>>>
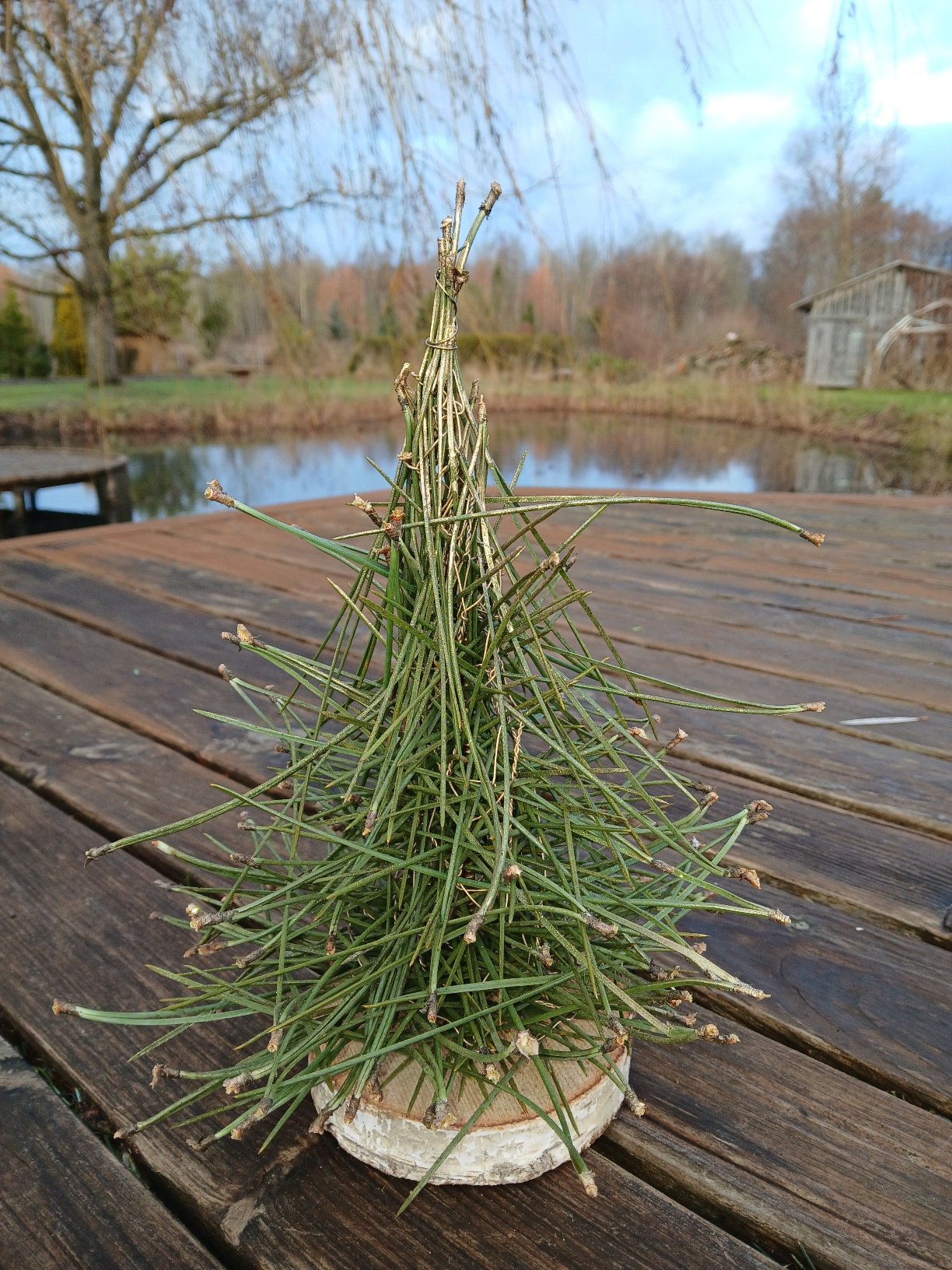 Eglīte izgatavota no melnās priedes skujām, H 30 cm.
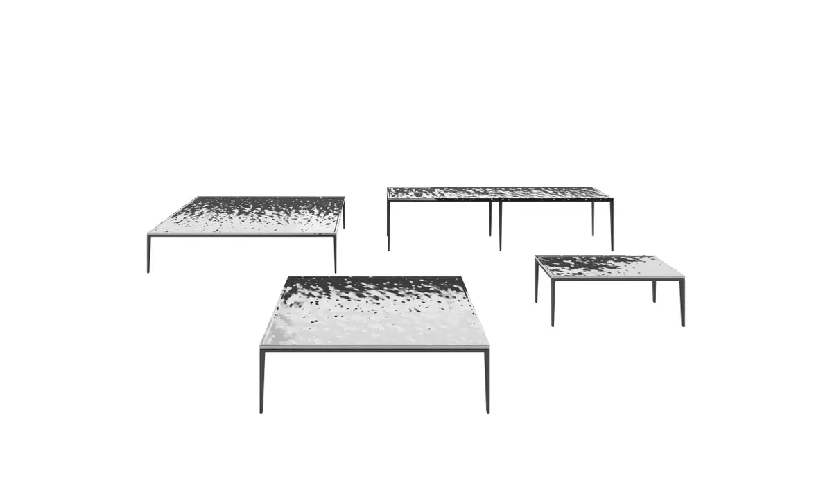 Soleide is a collection of small tables, in different sizes, with a die-cast aluminium base and a top in hammered mirror steel that gives them a particularly original and precious effect.
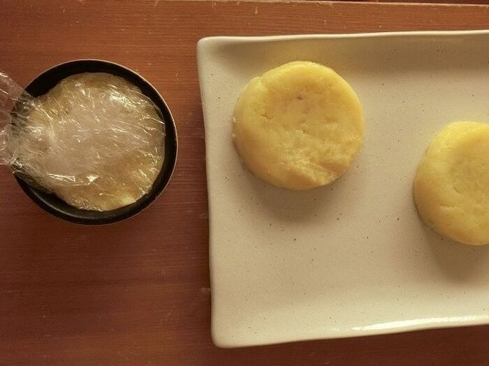 ひとまわり小さいカップにラップを敷いて3を入れ、5に乗せます。
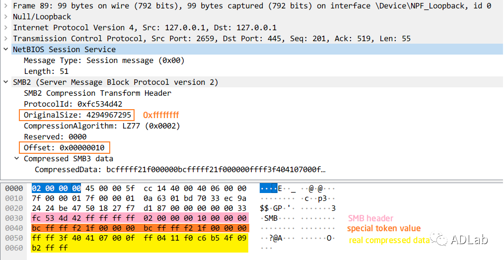 SMB3 raw data:实际上是由2个8字节的0x1FF2FFFFBC(总长0x10)加上0x13字节的压缩数据组成。
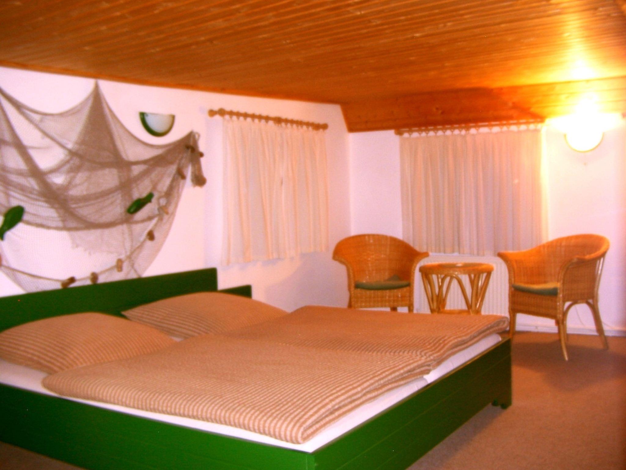 Ausgang und Blick zur Wiese. Entfernung zum nahen Strandbereich etwa 150 m. Gartentisch, Stühle, Liegestühle, Sonnenschirm. Kombinierter Wohn-/Schlafbereich. Raum- und Türhöhen entsprechen dem traditionellen Stil des Hauses und gelten daher als anerkannt. Ausstattung mit Miniküche, Kühlschrank, Kaffeemaschine, Wasserkocher, Toaster, Radio, Fernseher, Doppelbett, Wc, Dusche, Fön, Geschirrtücher, Spülmittel, Papierartikel, (Filtertüten, Küchenrolle etc.). Im Mietpreis enthalten sind Bettwäsche, Hand- und Badetücher, Heizung, Strom, Wasser sowie Endreinigung. Keine sonstigen Verbrauchskosten. Rauchen und sämtlicher Gebrauch von Feuer (z. b. Kerzen, Öllampen usw.) sind im Fischerhaus aus Gründen des Brandschutzes untersagt. Hausschuhe sind bitte erwünscht. Appartement nicht kindgerecht, Buchungen nur für Erwachsene. Kurabgabe je nach Saison. Ruhesuchende und ebenso rücksichtsvolle Gäste sind gern willkommen.
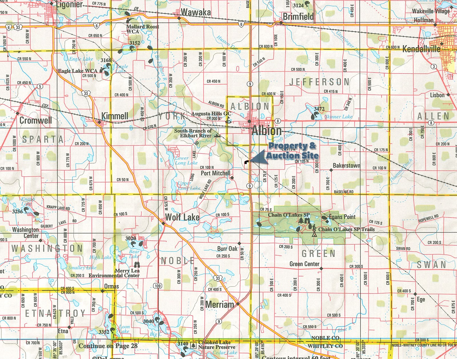 From the Intersection of SR 9 & SR 8 in downtown Albion, Drive south on SR 9 for 1.5 miles to CR 150 North. Turn right to Property, which sits on the South side of CR 150 North & the East side of North 25 West after a left curve in the road.
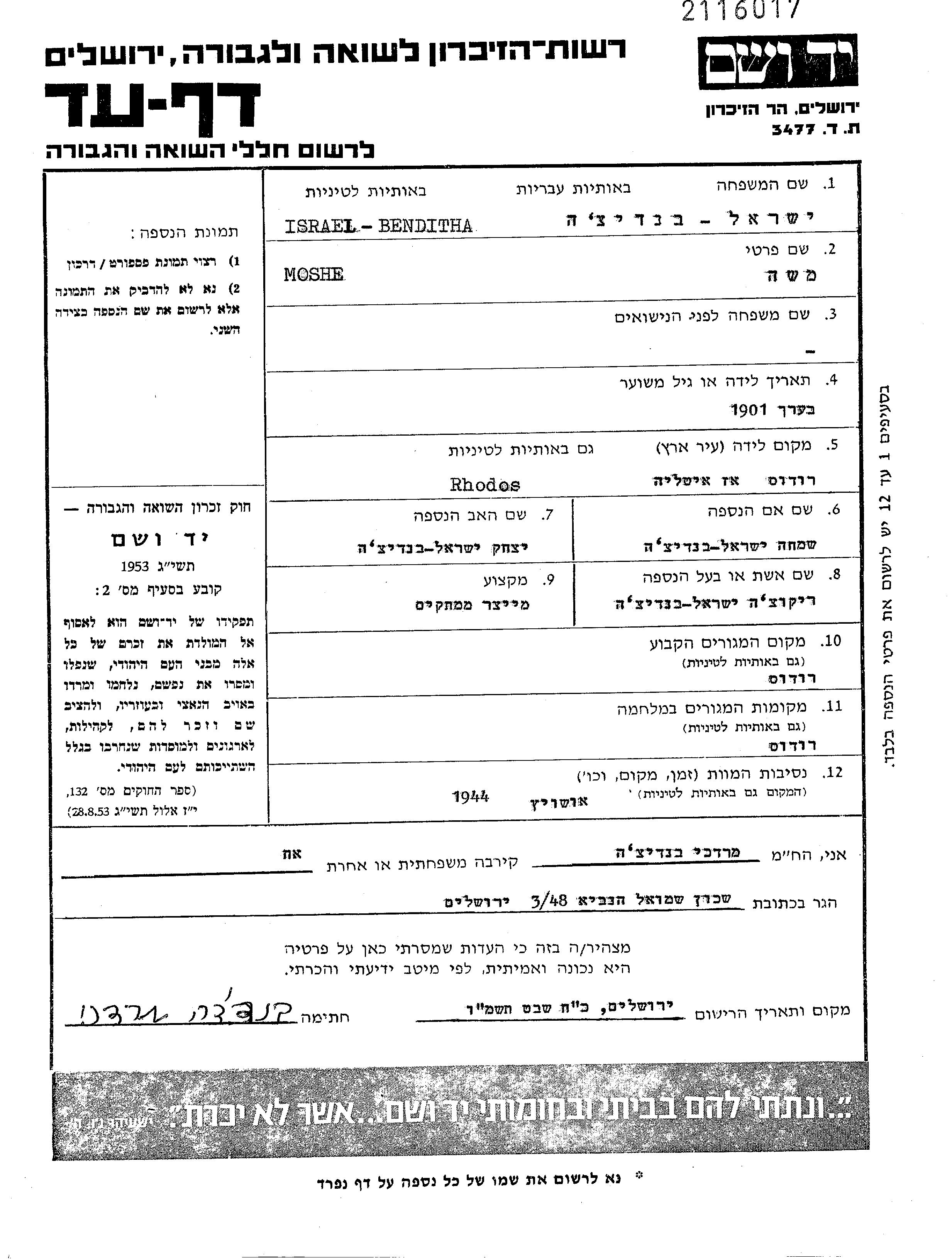 Moshe Israel Benditha est né à Rodi, Italie en 1901, fils de Yitzkhak et de Simkha. Il était Fabricant de bonbons. Avant la seconde guerre mondiale il vivait à Rodi, Italie. Au cours de la guerre, il était à Rodi, Italie.
<<<
→ WHAT IS NEEDED:
The answer should consist only of the lines above from the one with "Soleide is a" through the one with "ひとまわり小さいカップにラップを敷いて3を入れ、5に乗せます。", repeated exactly, with no pictures among them.

→ SOLUTION TO THIS TASK:
 Soleide is a collection of small tables, in different sizes, with a die-cast aluminium base and a top in hammered mirror steel that gives them a particularly original and precious effect.
 ひとまわり小さいカップにラップを敷いて3を入れ、5に乗せます。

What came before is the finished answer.